MicroRNAs are short, non-coding RNAs essential for normal development in non-muscle tissues and are aberrantly expressed in various cancers (11). When investigating breast carcinoma and the pathogenesis of PMPS with yoga as an intervention, we observed a statistically significant upregulation in miR-133B expression at day 30 and day 90 postoperatively in the experimental group, compared to the control group (P-value < 0.05). This suggests the potential role of yoga as an adjunct to an integrated multimodal pain management approach. Our findings align with a recent study by Novello et al., which demonstrated the downregulation of miR-1 and miR-133B in human osteosarcoma cell lines compared to normal osteoblasts, concluding that the expression of miR-1 and miR-133B may regulate cell proliferation through modulation of MET protein expression (20).

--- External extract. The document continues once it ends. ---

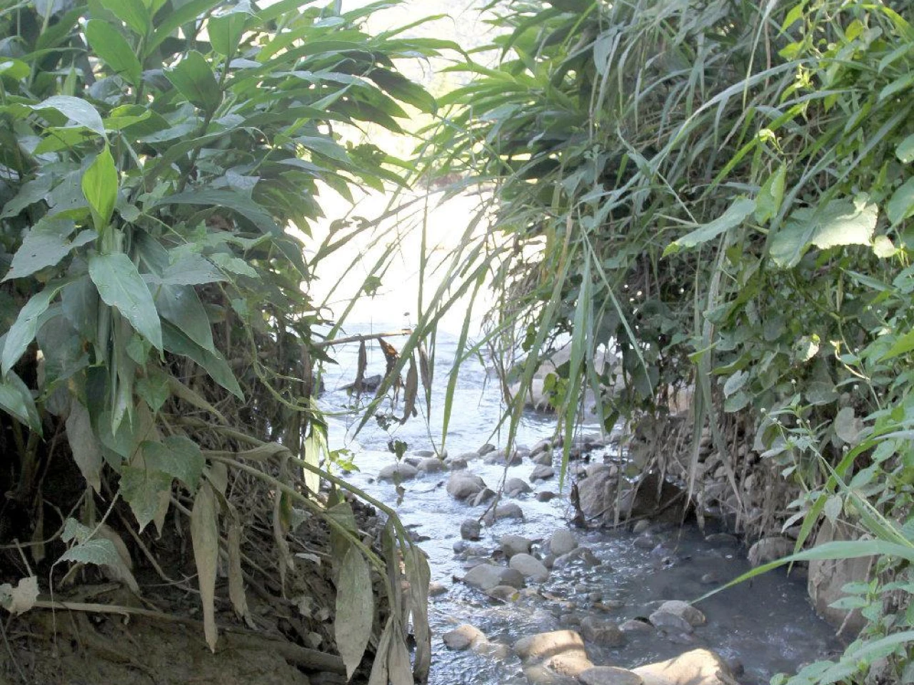 El canal, desde lejos, no es fácil localizarlo, debido a que las plantas que han crecido en sus riberas, lo cubren.

In this study, the yoga intervention combined with an integrated multimodal approach has shown a reduced incidence of PMPS (10%, n = 2) compared to the control group (30%, n = 6); however, this difference was not statistically significant. The reduction in PDQ scores and NPSI scores suggests the potential role of the yoga intervention in alleviating the neuropathic component of pain, albeit not statistically significant except for "Allodynia". Most randomized controlled trials (RCTs) have indicated that yoga-based interventions decrease fatigue, depression, and anxiety and improve other subjective measures of well-being (4, 5, 21-23). This study is the first RCT to assess the role of a yoga intervention alongside an integrated pain management approach in the incidence and severity of a pain modality like PMPS.
Various RCTs on the effects of yoga on breast cancer patients have primarily focused on psychological health and quality of life. A literature search revealed only two articles evaluating the impact of yoga therapy on pain symptoms in patients who underwent breast cancer surgery (7, 8), but these studies faced limitations such as small sample sizes, absence of control groups, the use of non-validated pain scales, lack of immediate postoperative yogic intervention, and no evaluation of the neuropathic component of pain.

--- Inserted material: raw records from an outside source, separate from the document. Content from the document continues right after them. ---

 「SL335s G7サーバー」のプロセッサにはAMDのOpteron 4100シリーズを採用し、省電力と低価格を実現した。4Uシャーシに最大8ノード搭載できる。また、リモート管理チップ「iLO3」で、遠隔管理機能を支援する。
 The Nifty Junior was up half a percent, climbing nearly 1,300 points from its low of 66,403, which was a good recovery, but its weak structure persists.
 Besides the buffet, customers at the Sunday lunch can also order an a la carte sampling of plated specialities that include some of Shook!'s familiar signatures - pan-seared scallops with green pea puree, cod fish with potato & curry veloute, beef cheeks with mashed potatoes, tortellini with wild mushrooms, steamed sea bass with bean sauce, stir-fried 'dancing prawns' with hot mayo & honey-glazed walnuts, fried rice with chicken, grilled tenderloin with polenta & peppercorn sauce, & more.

In the present study, lower mean VAS scores were observed in the yoga group, though the differences were not statistically significant. A cohort study by Sudarshan et al., involving 14 patients, noted that yoga intervention improved pain symptoms, anxiety, depression, and physical function in breast cancer patients. They utilized the Dallas Pain Questionnaire (DPQ), a 16-item scale to assess the impact of pain on daily activity, work, anxiety/depression, and social life; however, its use in oncology is still limited. Similar to our findings, decreasing trends were noted in the impact of pain on daily activity (6 vs. 13), work and leisure (5 vs. 3), and anxiety/depression (6 vs. 14) compared to the pretreatment mean values (7).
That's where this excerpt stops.